The Macrocosm and microcosm, which are the storehouses of all impure things, are to be rejected to become the "self-luminous Substratum". Shunning egoism amounts to a blissful and bright state, similar to the moon shining bright after an eclipse. Getting rid of impulsive thoughts will usher a feeling of freedom. An intelligent person avoiding truth gets into an illusory state, in the same way as a reed pulled out does not remain straight.

The Adhyatma Upanishad also dwells on the concept of samadhi. The consecutive sequence of benefits of Vairagya (detachment or renunciation) in life leads to bodha (spiritual knowledge) to uparati (restraint of mind); to Shanti, inner calmness achieved through perfect happiness of the mind. Nivṛṭṭi, the inward contemplation will achieve a unique sense of perfect happiness and spirituality. Illusion's upadhi encompasses the universe.

This self (soul) is the ultimate in the entire universe and it is constituted of the deities Brahma, Vishnu, Indra and Shiva. Extra sensory perception is embedded in the chitta (mind) and hence one's focus should be on the mind. While the thought process leads to reasoning so is the meaning of a sentence understood by listening.

Reincarnation on account of millions of karmas (past actions, works and deeds) vanishes with devoted attention which eventually results in moral principles taking roots. This situation is explained by the Yogis as “the cloud of virtues”. As universal space is always in a detached, so is the sage who is aware of his Reality also remains detached from futures events.

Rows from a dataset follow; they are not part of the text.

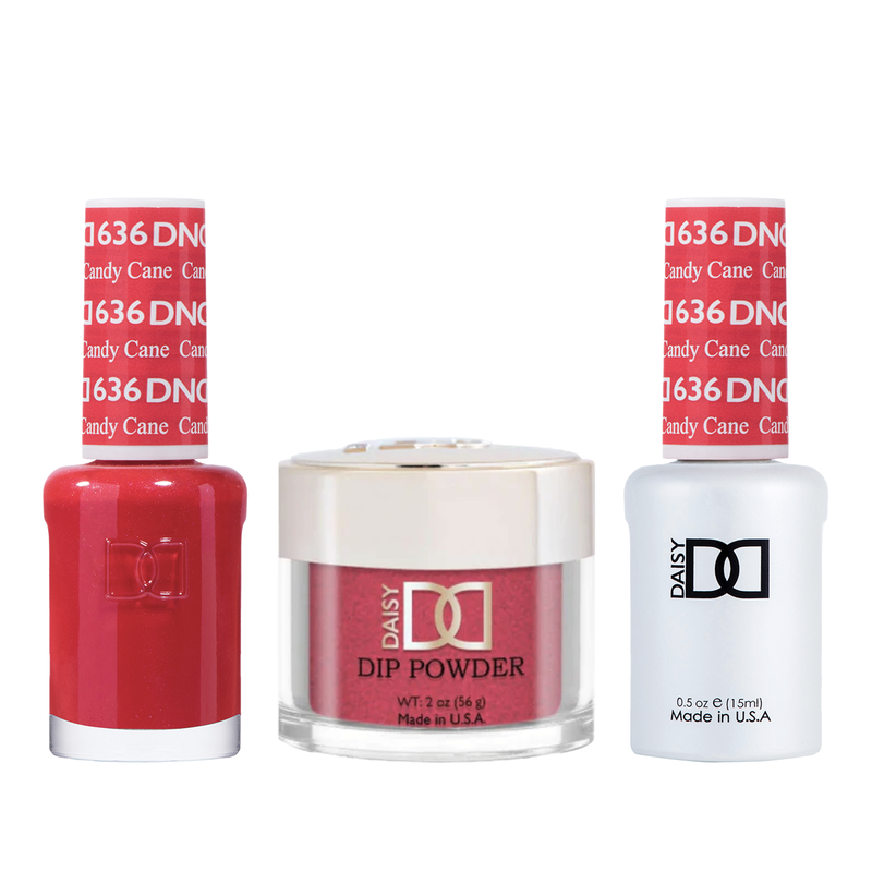 DND Trio - 636 Candy Cane includes a gel polish, a matching lacquer, and a dip powder. The set provides a complete solution for a professional manicure with a long-lasting and red color.
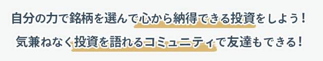 基礎学習と応用実践の機会、そして仲間同士で深く投資を語り合う場を提供し、 自律して自分で学び考え、 自己責任と自己判断で投資ができるように一緒に頑張りましょう。
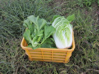 今日の収穫。左、間引き山形青菜。みぎ、白菜。2020.10.25 15:46
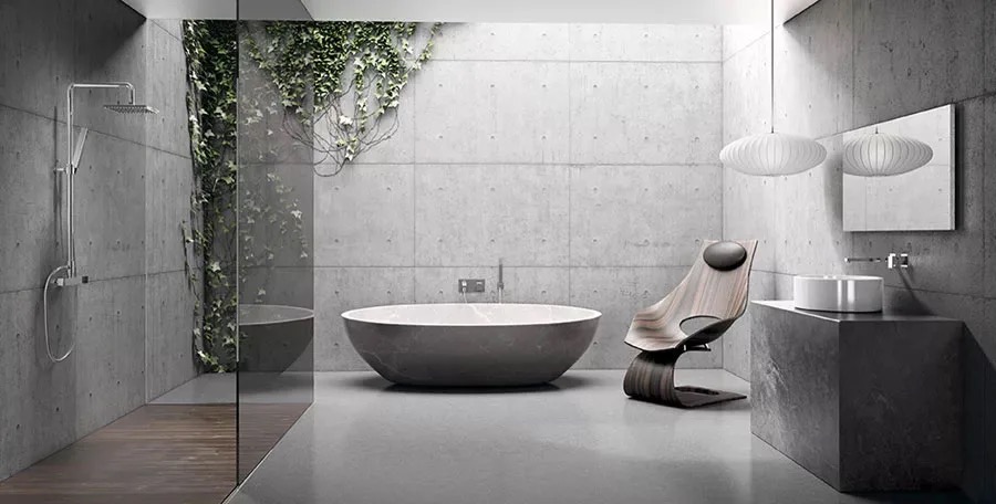 Styl spa, który łączy czerń i naturalne drewno z akcentem żłobionych paneli. Powierzchnia: 20 m².
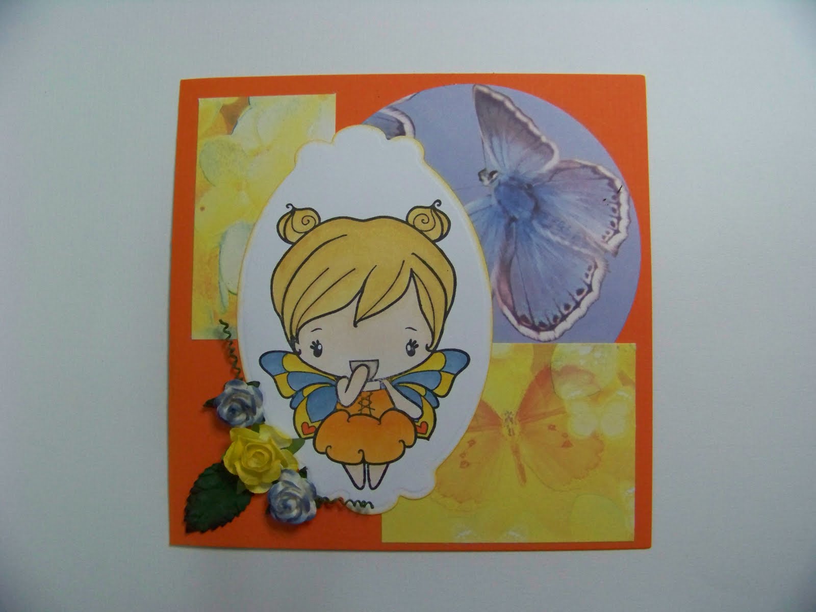 Ik heb mijn cc design stempel met de vlinder weer eens uit de kast getrokken. Wat andere leuke vlinderpapiertjes er bij en toen kwam dit kaartje er uit. Hij doet mee met de challenges van Create4fun - sketch en Anyone for Anya - colour challenge spring.
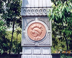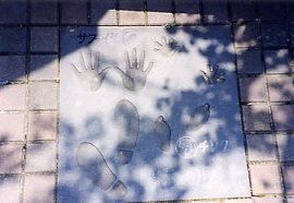 玄関前のモニュメント(左)とキャラクターの手形、足型(右)です。
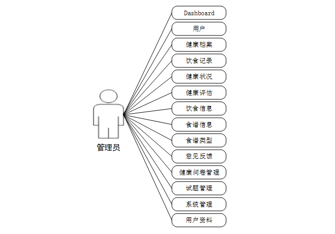 (1)、管理员关键功能包含对Dashboard,用户,健康档案,饮食记录,健康状况,健康评估,饮食信息,食谱信息,食谱类型,意见反馈,健康问卷管理,试题管理,系统管理,用户资料等进行管理。管理员用例图如下:
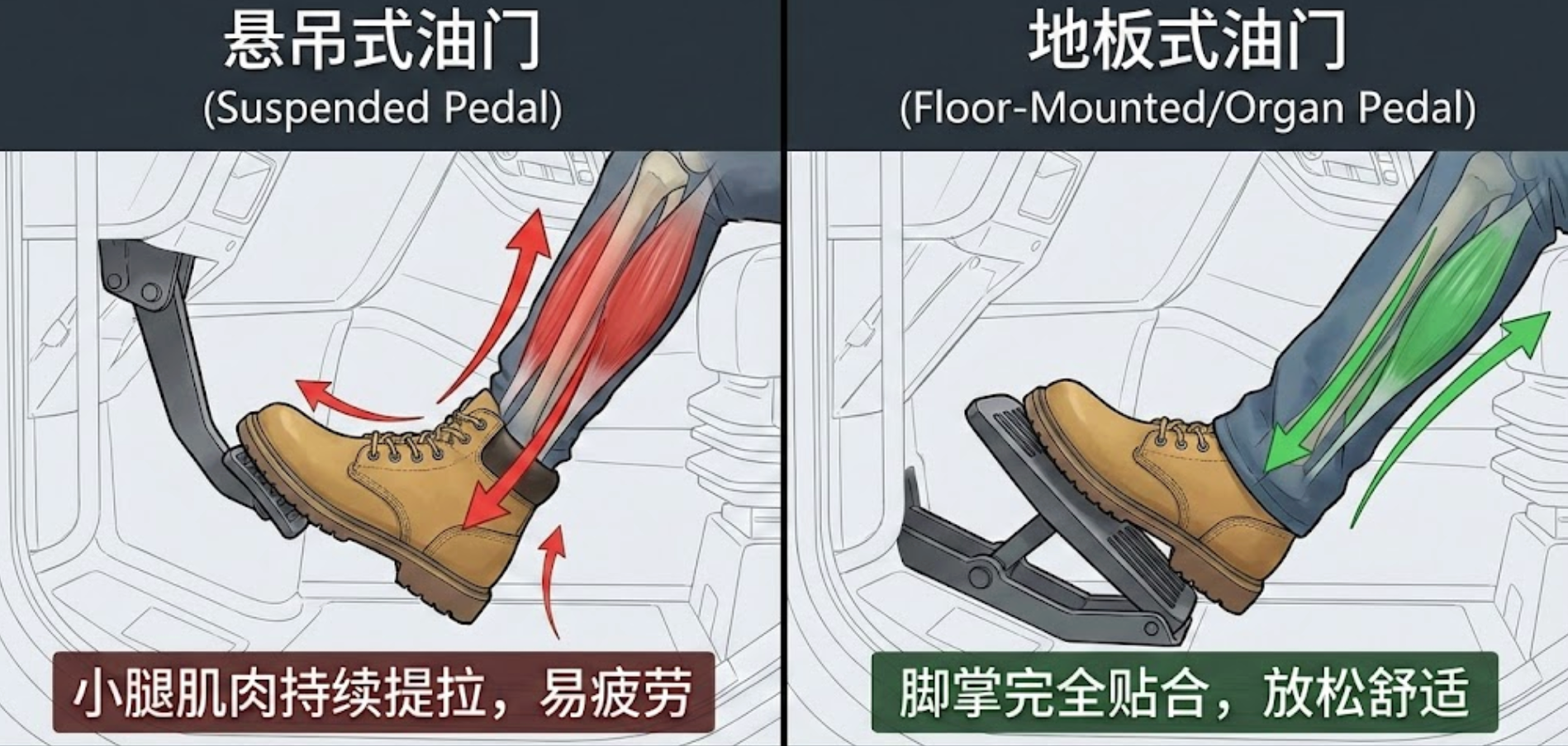今天我们就来硬核科普一下,重卡驾驶室里这个最不起眼、却被踩得最多的部件:悬吊式油门与地板式油门,到底暗藏了怎样的人机工程学差异。
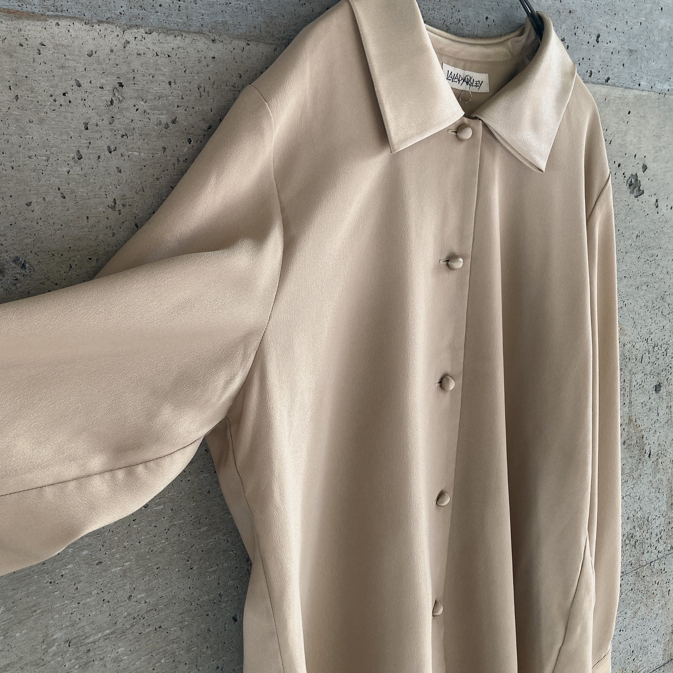 サテンの切り替えやくるみボンタンが華やかさを添えます
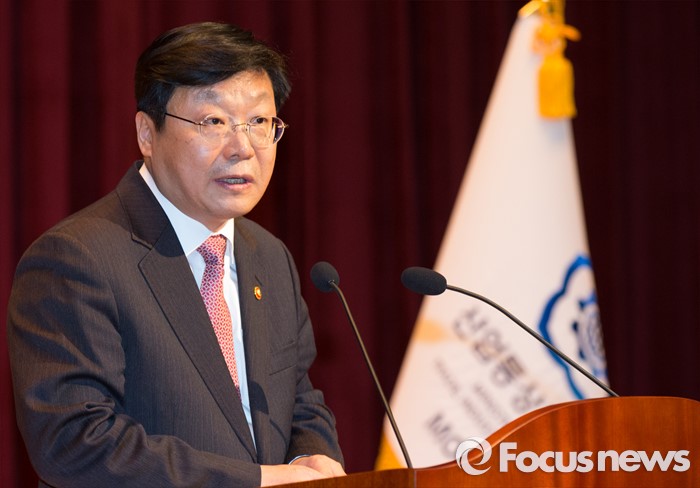(세종=포커스뉴스) 주형환 신임 산업통상자원부장관이 13일 오후 세종시 정부세종청사 산업부 대강당에서 열린 취임식에 참석해 취임사를 하고 있다.
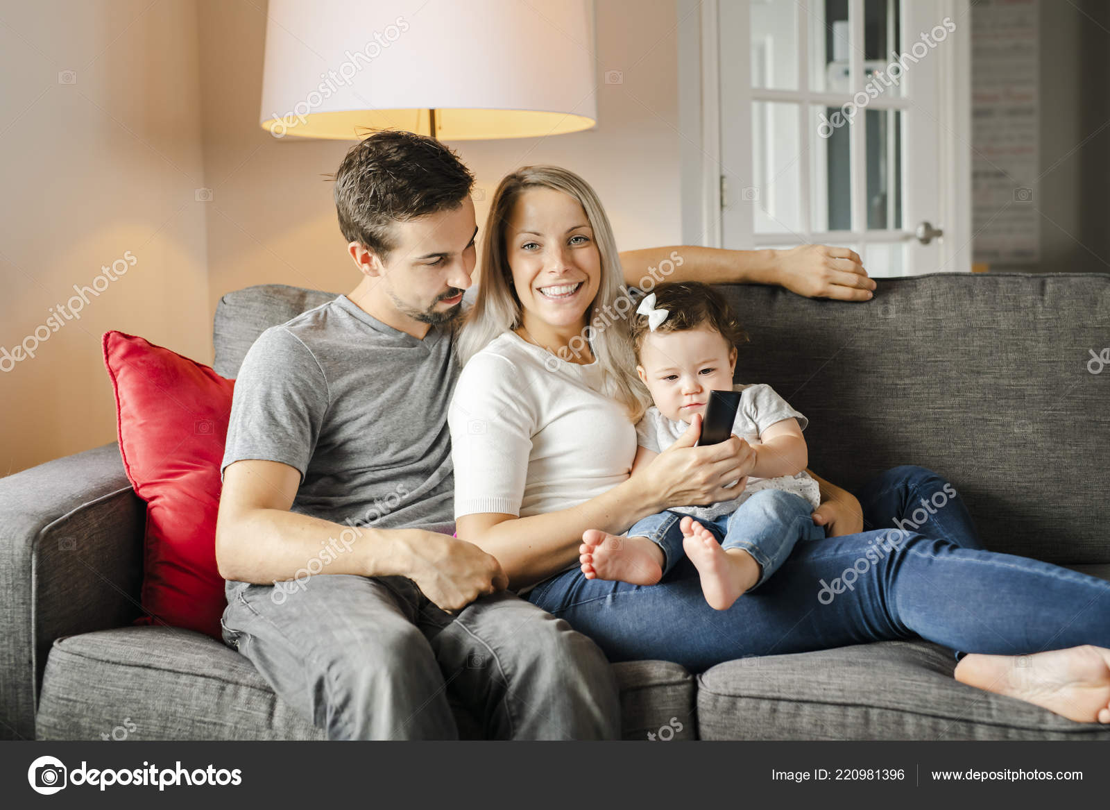 Mother Photographs Dad With Daughter On Cellphone Stock
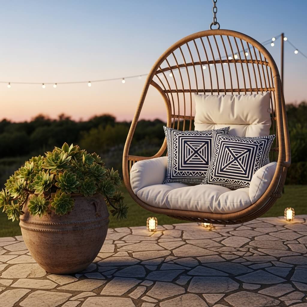 Pair the chair with a neutral sofa, woven side table, and a few indoor plants to keep the vibe elegant — not busy.

The sequence of communication of the teachings of the Adhyatma Upanishad, was from the Sage Apantaratama (sometimes regarded as the previous birth of Vyasa) to the god Brahma, Sage Angiras, Sage Raikva and the god Rama, who propagated it to all.

==Commentaries==

Indian spiritual guru Osho authored a commentary named Finger Pointing to the Moon on the Adhyatma Upanishad, which was first published by its original Sanskrit name in Hindi in 1976.

==Bibliography==
- Prasoon, Prof.S.K. (2008). "Indian Scriptures"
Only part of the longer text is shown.